What is expected
Which lines of the entries below run from the one holding "En el número" to the one holding "489 genitori o", inclusive? Set down exactly those lines and no others.

Data
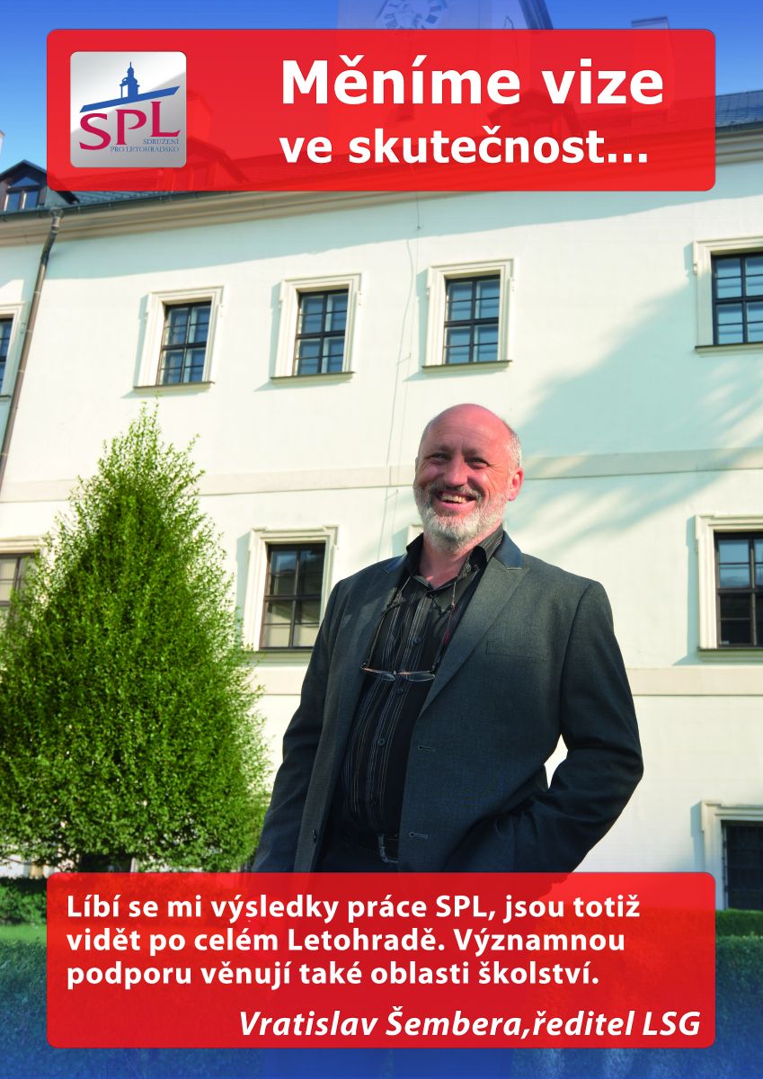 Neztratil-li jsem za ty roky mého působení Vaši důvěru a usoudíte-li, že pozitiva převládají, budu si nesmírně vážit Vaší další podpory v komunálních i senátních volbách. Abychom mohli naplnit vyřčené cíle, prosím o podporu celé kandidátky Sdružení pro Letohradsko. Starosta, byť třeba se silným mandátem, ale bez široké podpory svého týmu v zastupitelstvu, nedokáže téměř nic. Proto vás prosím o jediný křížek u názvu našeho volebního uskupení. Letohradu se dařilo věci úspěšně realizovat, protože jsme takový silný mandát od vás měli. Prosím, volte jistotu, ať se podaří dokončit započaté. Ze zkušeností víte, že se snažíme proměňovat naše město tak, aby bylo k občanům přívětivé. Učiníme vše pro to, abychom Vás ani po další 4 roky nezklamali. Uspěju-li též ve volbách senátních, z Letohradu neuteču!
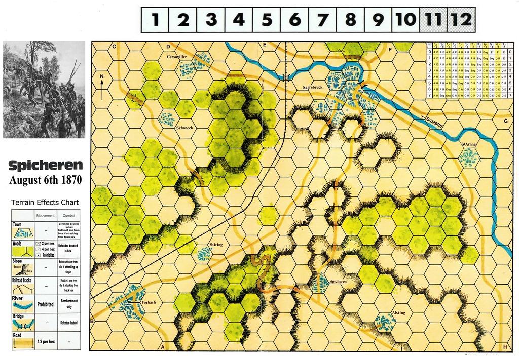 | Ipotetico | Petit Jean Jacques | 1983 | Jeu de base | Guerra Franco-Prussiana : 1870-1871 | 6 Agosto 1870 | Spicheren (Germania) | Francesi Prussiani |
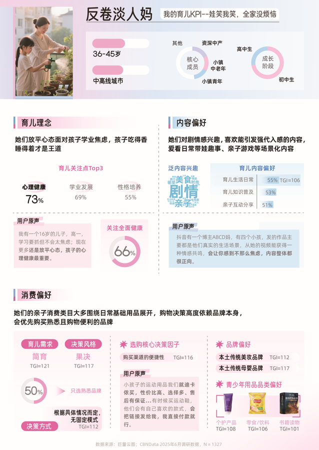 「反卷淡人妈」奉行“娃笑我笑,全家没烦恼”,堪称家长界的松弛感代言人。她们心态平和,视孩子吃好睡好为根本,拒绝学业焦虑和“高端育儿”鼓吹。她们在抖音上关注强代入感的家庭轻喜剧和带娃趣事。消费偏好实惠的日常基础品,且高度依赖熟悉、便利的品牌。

* * *

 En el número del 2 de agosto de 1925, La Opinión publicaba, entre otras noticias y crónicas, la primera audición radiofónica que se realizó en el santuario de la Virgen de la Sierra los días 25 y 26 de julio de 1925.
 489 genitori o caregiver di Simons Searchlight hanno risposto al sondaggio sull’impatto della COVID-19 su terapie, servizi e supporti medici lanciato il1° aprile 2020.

...

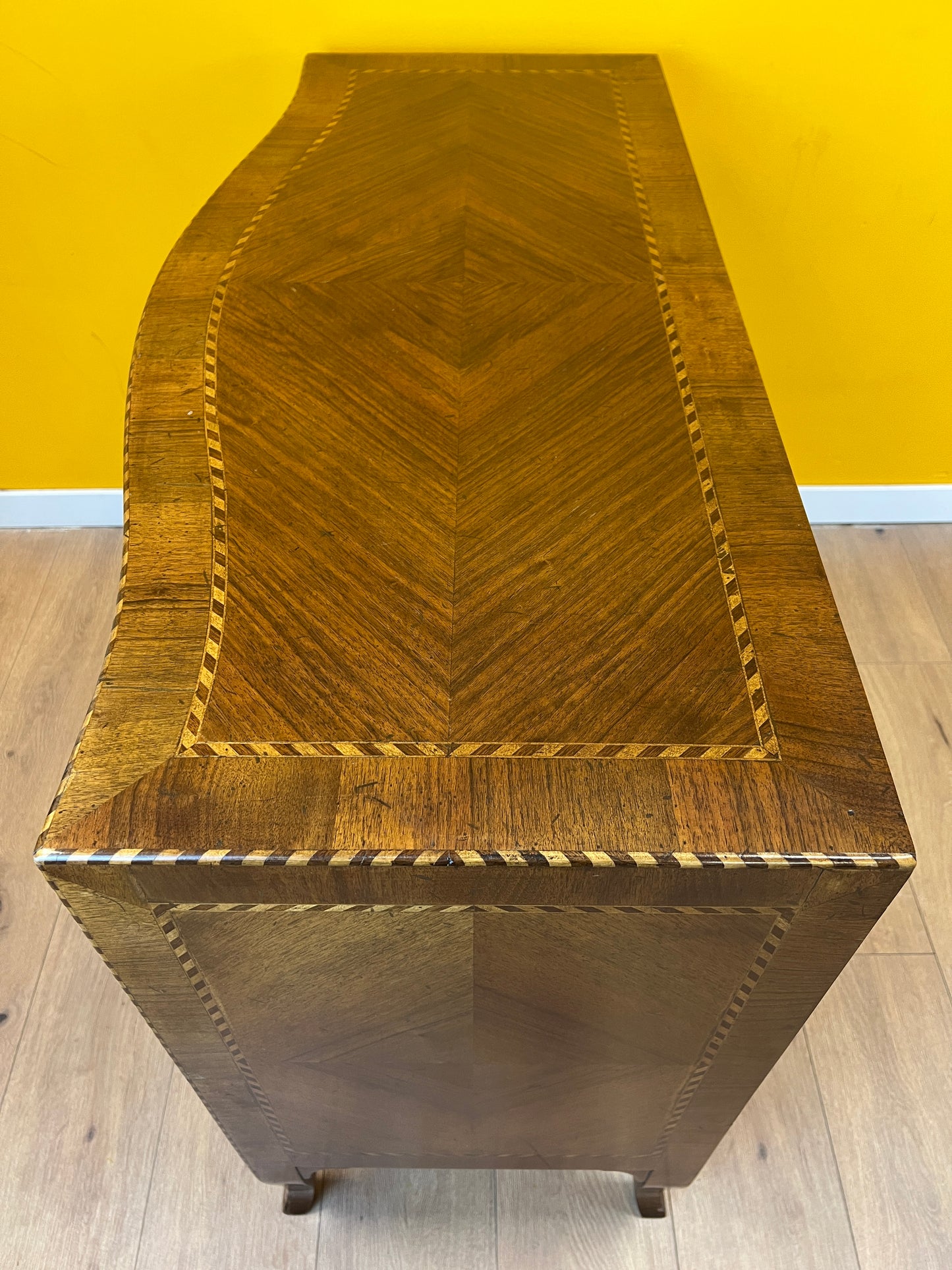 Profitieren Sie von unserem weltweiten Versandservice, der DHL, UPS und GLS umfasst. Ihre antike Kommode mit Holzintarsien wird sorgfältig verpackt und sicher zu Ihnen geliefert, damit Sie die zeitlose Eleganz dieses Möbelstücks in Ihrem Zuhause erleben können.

Written response
 En el número del 2 de agosto de 1925, La Opinión publicaba, entre otras noticias y crónicas, la primera audición radiofónica que se realizó en el santuario de la Virgen de la Sierra los días 25 y 26 de julio de 1925.
 489 genitori o caregiver di Simons Searchlight hanno risposto al sondaggio sull’impatto della COVID-19 su terapie, servizi e supporti medici lanciato il1° aprile 2020.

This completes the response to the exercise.